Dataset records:
━━━━━━━━

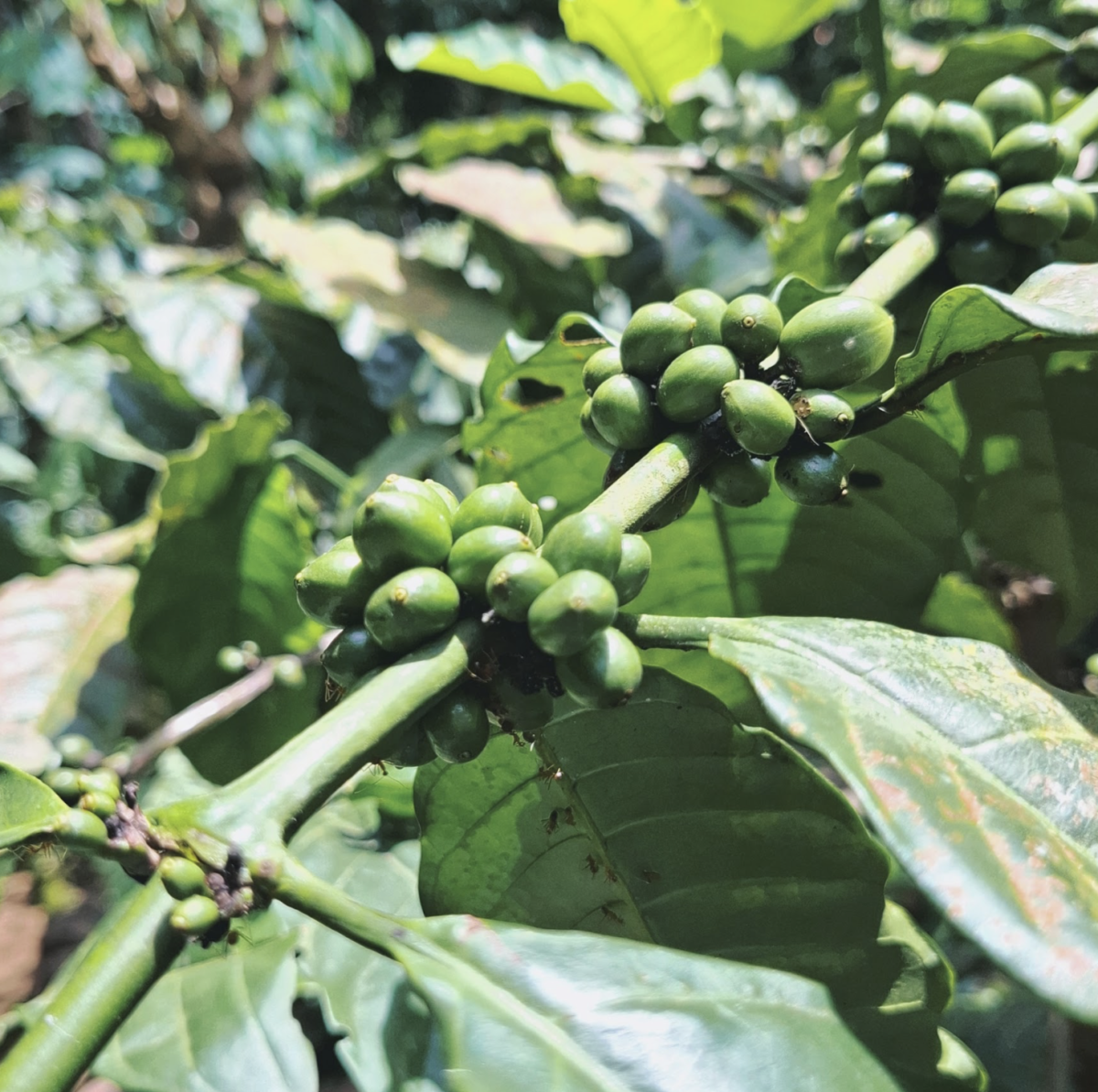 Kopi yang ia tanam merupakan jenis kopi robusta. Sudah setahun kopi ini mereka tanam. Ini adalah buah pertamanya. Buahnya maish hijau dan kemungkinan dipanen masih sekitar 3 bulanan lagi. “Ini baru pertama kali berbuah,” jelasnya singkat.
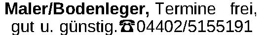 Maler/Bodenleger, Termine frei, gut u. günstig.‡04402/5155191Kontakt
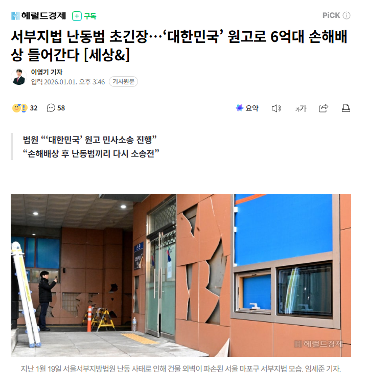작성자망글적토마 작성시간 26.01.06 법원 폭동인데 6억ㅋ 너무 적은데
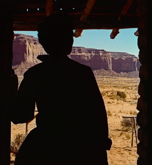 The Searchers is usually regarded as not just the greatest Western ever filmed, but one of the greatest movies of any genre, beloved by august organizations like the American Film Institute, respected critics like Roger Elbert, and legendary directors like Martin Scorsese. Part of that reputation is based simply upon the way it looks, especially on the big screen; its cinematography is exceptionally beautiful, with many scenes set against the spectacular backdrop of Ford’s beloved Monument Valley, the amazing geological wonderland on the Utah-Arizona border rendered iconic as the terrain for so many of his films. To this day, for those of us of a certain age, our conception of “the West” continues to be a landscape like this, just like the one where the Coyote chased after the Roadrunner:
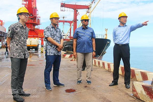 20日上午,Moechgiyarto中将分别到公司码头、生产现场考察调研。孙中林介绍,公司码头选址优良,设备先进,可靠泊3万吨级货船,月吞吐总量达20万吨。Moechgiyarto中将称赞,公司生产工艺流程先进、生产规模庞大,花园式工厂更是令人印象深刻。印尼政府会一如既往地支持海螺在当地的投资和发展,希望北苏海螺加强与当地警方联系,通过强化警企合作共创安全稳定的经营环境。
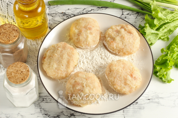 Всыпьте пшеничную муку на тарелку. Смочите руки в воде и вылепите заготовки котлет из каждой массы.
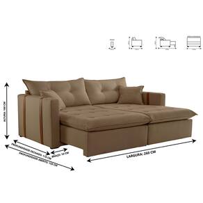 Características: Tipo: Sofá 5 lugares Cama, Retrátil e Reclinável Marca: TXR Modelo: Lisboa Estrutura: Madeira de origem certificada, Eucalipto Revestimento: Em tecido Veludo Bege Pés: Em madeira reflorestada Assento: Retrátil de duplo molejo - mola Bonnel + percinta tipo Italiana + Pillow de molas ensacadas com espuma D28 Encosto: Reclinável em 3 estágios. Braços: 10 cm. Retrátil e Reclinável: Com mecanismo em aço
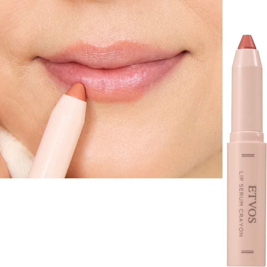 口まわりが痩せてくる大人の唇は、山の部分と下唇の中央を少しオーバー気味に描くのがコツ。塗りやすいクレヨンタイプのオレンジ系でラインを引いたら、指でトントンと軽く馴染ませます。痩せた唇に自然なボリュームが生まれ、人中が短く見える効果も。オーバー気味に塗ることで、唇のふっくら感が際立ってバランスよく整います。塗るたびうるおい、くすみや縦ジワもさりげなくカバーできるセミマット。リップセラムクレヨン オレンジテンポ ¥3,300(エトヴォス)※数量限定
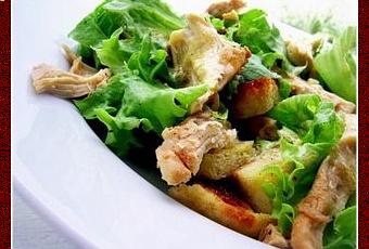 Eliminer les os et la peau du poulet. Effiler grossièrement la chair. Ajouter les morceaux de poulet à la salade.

━━━━━━━━

● **Your objective**: Work from the entries above. Set down exactly and only the lines from the line with "Maler/Bodenleger, Termine frei, gut" to the line with "The Searchers is", both included, and leave the pictures out.

● **Task answer**:
 Maler/Bodenleger, Termine frei, gut u. günstig.‡04402/5155191Kontakt
작성자망글적토마 작성시간 26.01.06 법원 폭동인데 6억ㅋ 너무 적은데
 The Searchers is usually regarded as not just the greatest Western ever filmed, but one of the greatest movies of any genre, beloved by august organizations like the American Film Institute, respected critics like Roger Elbert, and legendary directors like Martin Scorsese. Part of that reputation is based simply upon the way it looks, especially on the big screen; its cinematography is exceptionally beautiful, with many scenes set against the spectacular backdrop of Ford’s beloved Monument Valley, the amazing geological wonderland on the Utah-Arizona border rendered iconic as the terrain for so many of his films. To this day, for those of us of a certain age, our conception of “the West” continues to be a landscape like this, just like the one where the Coyote chased after the Roadrunner:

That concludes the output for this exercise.